● **Extracted entries**:
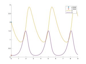 Tal vez, la característica más importante de las soluciones del sistema es que todas son periódicas en tiempo (véase la Fig. 3). Esto se puede demostrar rigurosamente y se explica con facilidad: los depredadores no pueden sobrevivir sin presas; cuando éstas empiezan a escasear, los depredadores no tienen demasiado alimento y por tanto disminuye su ritmo de crecimiento; pero entonces las presas empiezan a recuperarse y vuelven a crecer hasta valores anteriores; y así sucesivamente …
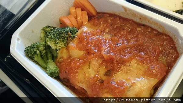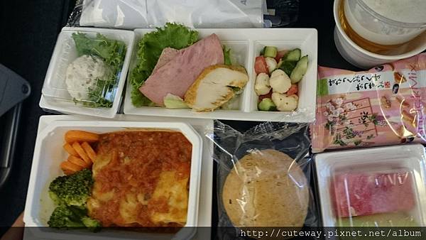 去程的餐點真的很不錯!日式雞肉、義是千層麵,不知是前面地奔波有些精疲力盡,竟然有點吃不下,真是浪費惹!
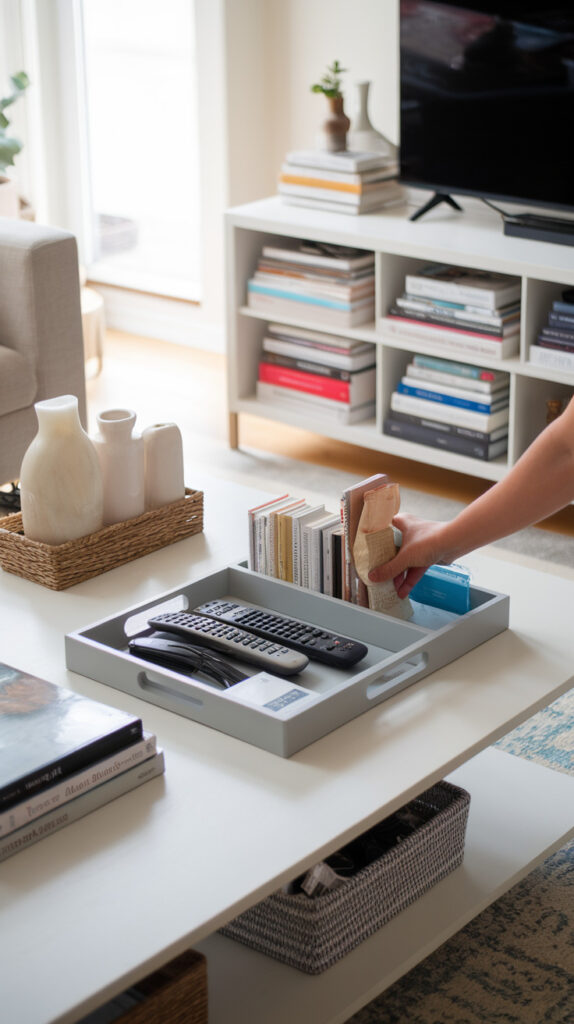 - Use a small tray or basket for daily-use items to prevent random piles.
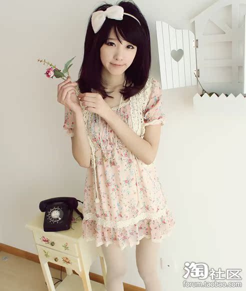 粉色的碎花连衣裙搭配白色打底裤再加上白色蝴蝶结发夹~~
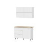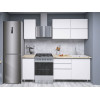 Кухонный гарнитур Киото — готовое решение для создания светлого и визуально легкого интерьера. Дверцы ящиков и шкафов не имеют лицевой фурнитуры и открываются захватом рукой за тыльный край фасада, что смотрится современно и упрощает уход за поверхностью. Столешница в оттенке натурального дерева делает гарнитур уютнее, а регулируемые опоры помогают справиться с небольшими неровностями пола.
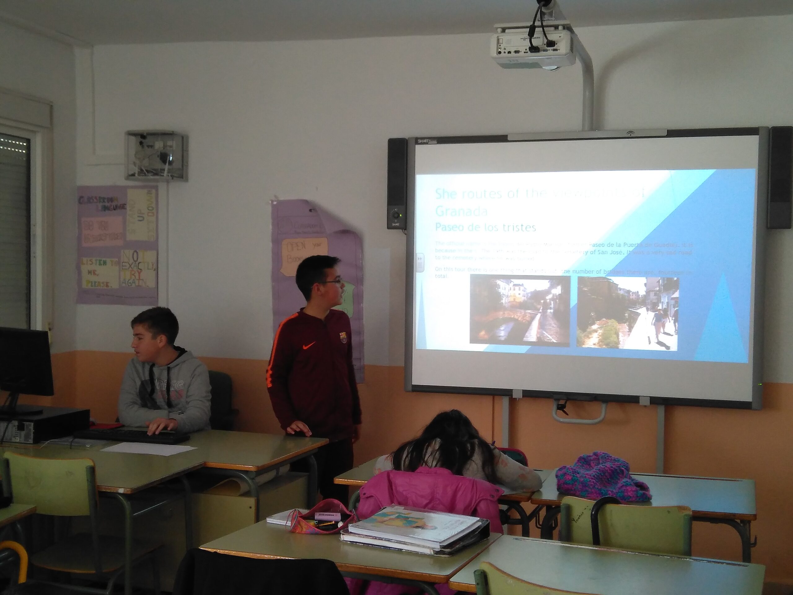 Como resultado de nuestra visita a Granada, el alumnado de 2º de Geografía e Historia han estado investigando y preparando una serie de pequeñas presentaciones que han ido exponiendo en estos días, sobre distintos rincones de Granada, palacios y miradores, los cuales son presentados en Inglés. Tras varias sem
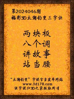 下面开始解3d第2024046期太湖字谜:两块板,八个调,讲故事,站当腰
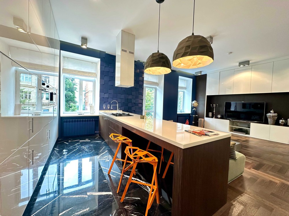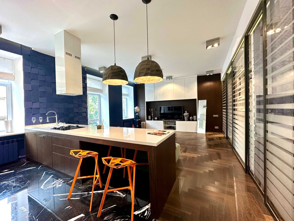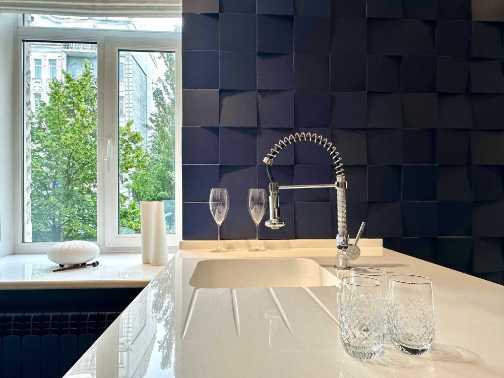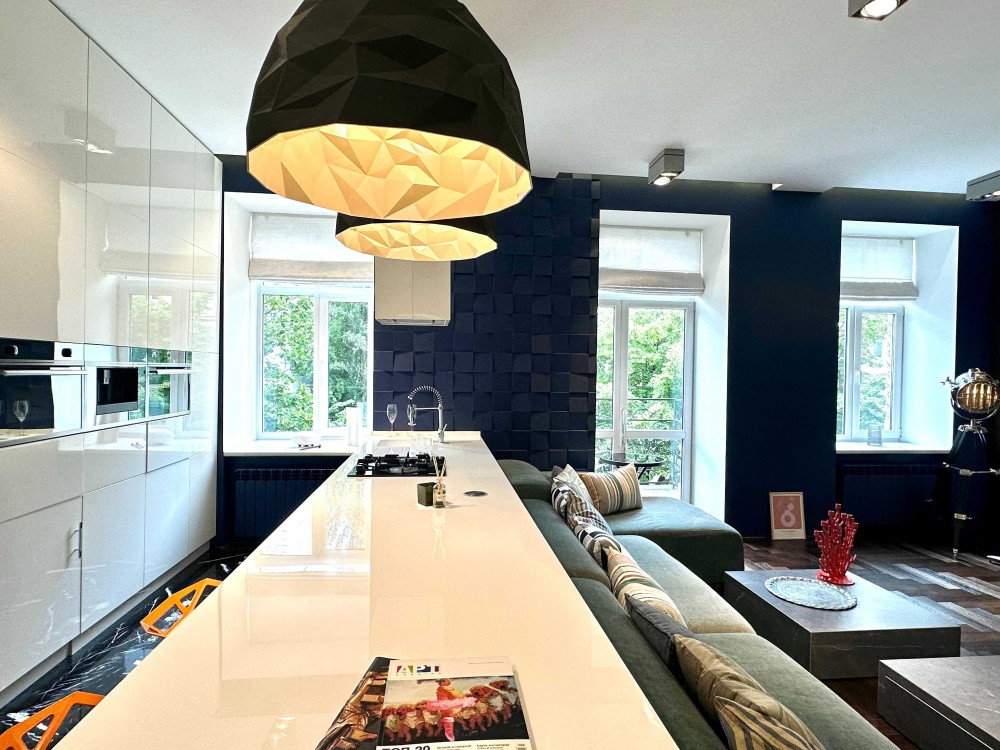 У квартирі зроблено багаторівневе освітлення (Німеччина). Кухня під замовлення і стінові панелі 3D від майстерні Сергія Махно.

● **Task brief**: Return the full material word for word. Do not include the pictures.

● **Answer box**:
 Tal vez, la característica más importante de las soluciones del sistema es que todas son periódicas en tiempo (véase la Fig. 3). Esto se puede demostrar rigurosamente y se explica con facilidad: los depredadores no pueden sobrevivir sin presas; cuando éstas empiezan a escasear, los depredadores no tienen demasiado alimento y por tanto disminuye su ritmo de crecimiento; pero entonces las presas empiezan a recuperarse y vuelven a crecer hasta valores anteriores; y así sucesivamente …
 去程的餐點真的很不錯!日式雞肉、義是千層麵,不知是前面地奔波有些精疲力盡,竟然有點吃不下,真是浪費惹!
 - Use a small tray or basket for daily-use items to prevent random piles.
 粉色的碎花连衣裙搭配白色打底裤再加上白色蝴蝶结发夹~~
 Кухонный гарнитур Киото — готовое решение для создания светлого и визуально легкого интерьера. Дверцы ящиков и шкафов не имеют лицевой фурнитуры и открываются захватом рукой за тыльный край фасада, что смотрится современно и упрощает уход за поверхностью. Столешница в оттенке натурального дерева делает гарнитур уютнее, а регулируемые опоры помогают справиться с небольшими неровностями пола.
 Como resultado de nuestra visita a Granada, el alumnado de 2º de Geografía e Historia han estado investigando y preparando una serie de pequeñas presentaciones que han ido exponiendo en estos días, sobre distintos rincones de Granada, palacios y miradores, los cuales son presentados en Inglés. Tras varias sem
 下面开始解3d第2024046期太湖字谜:两块板,八个调,讲故事,站当腰
 У квартирі зроблено багаторівневе освітлення (Німеччина). Кухня під замовлення і стінові панелі 3D від майстерні Сергія Махно.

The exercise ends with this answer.